In adopting this rationale, the very concept of an “investigation” is redefined to mean anything benefiting the “counterterrorism intelligence efforts of the United States government.”
This rationale underpins nearly all of the surveillance programs, which have been exposed by Snowden and subject to scrutiny.
What US government officials have defended when downplaying the significance of Snowden’s revelations is a boundless authority to seize any and all Americans’ data if the data could hypothetically be useful some day in the “war on terrorism.” Yet, as the appeals court understood—even though it chose not to decide any of the constitutional issues raised in the lawsuit—is that dragnet surveillance programs operated in this manner implicate the Fourth Amendment because records are being seized. The programs also implicate the First Amendment because there is a reasonable argument to e made that associational rights are violated, which can have a “chilling effect” on those unlawfully targeted.
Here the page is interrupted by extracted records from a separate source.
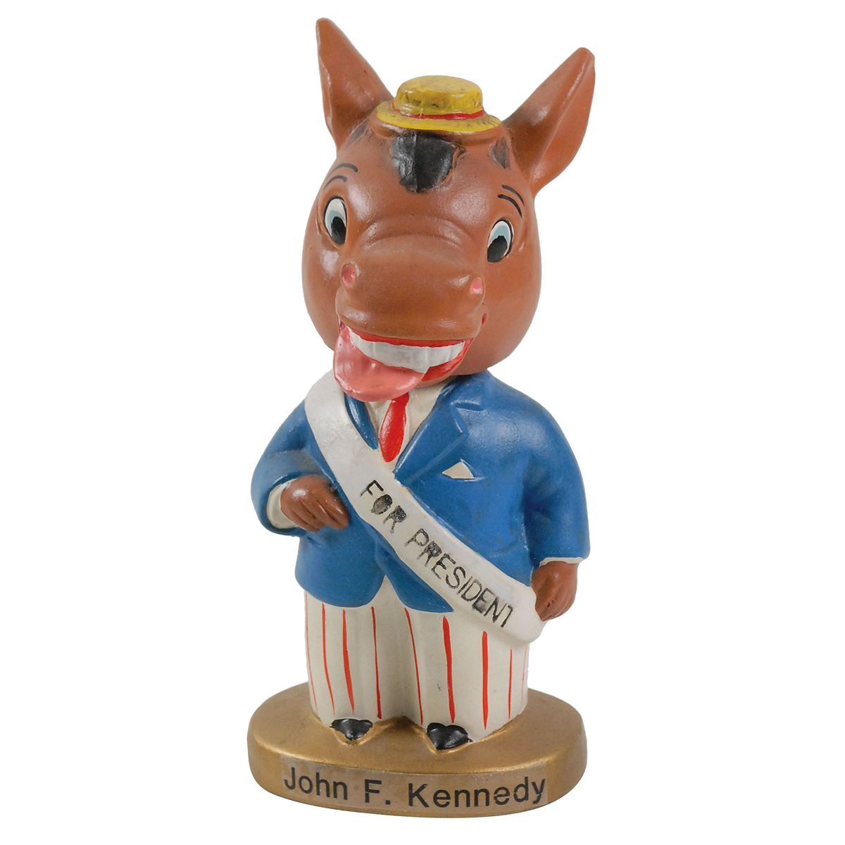 Uncommon Kennedy presidential campaign bobblehead from 1960. Plaster of Paris bobblehead measures almost 8? tall with a Western Commerce Corp label affixed to the bottom of the base and shows a donkey dressed in a blue jacket, red and white striped pants, and a yellow hat wearing a campaign sash, with a label affixed to the base which reads, “John F. Kennedy.” In fine condition.
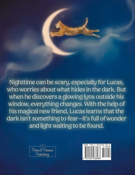 Nighttime can be scary, especially for Lucas, who worries about what hides in the dark. But when he discovers a glowing lynx outside his window, everything changes. With the help of his magical new friend, Lucas learns that the dark isn't something to fear-it's full of wonder and light waiting to be found. A captivating bedtime story about courage, friendship, and finding comfort in the unknown, Lucas and the Light Lynx is perfect for children who need a little extra magic to face their fears and dream big under the stars. Perfect for: Parents and caregivers seeking heartwarming stories to share with their children. Children ages 3-8 who might be scared of the dark. Teachers and librarians looking for engaging read-alouds to promote imagination. Join Lucas as he conquers his fear and meets a new friend along the way.
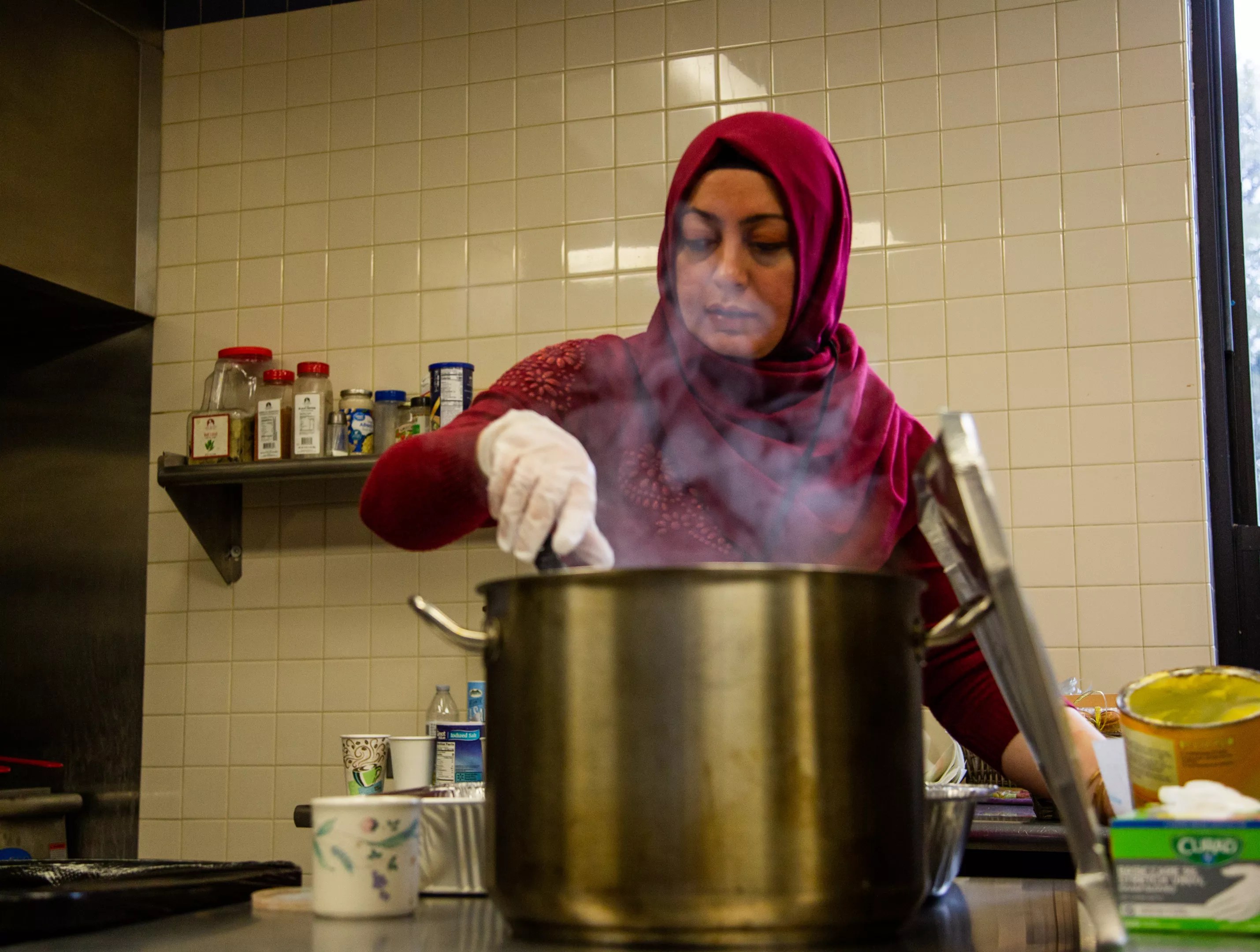 Sunlight seeps into the small commercial kitchen in the Muslim American Society’s Islamic Center as Maissa Alkhadir stirs a steaming pot of rice and potatoes. Reaching to a shelf above the stove, she grabs a plastic canister of dried spices and sprinkles some into the pot.
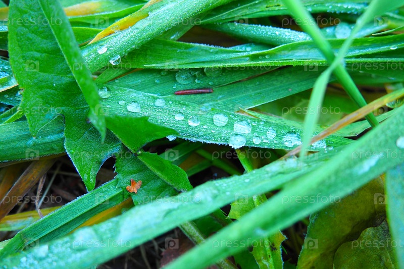 Роса или талая вода на зеленой траве. Оттаивание после утреннего зимнего мороза. Лежащая трава на лугу. Несезонная, безветренная безветренная погода. Зеленый лист с каплями воды

Overall, the significance of this decision is that the appeals court has put forward an argument that suggests all current, dragnet and secret surveillance programs, as well as all previous but now allegedly discontinued, dragnet and secret surveillance programs, are unlawful because they have been established by agencies like the NSA without any public debate on their privacy implications. And, besides the fact that it entirely validates Snowden’s decision to blow the whistle, the decision should also compel Congress to bring any dragnet surveillance program out of the shadows so that such perverted concepts of what is legal are fully discredited once and for all.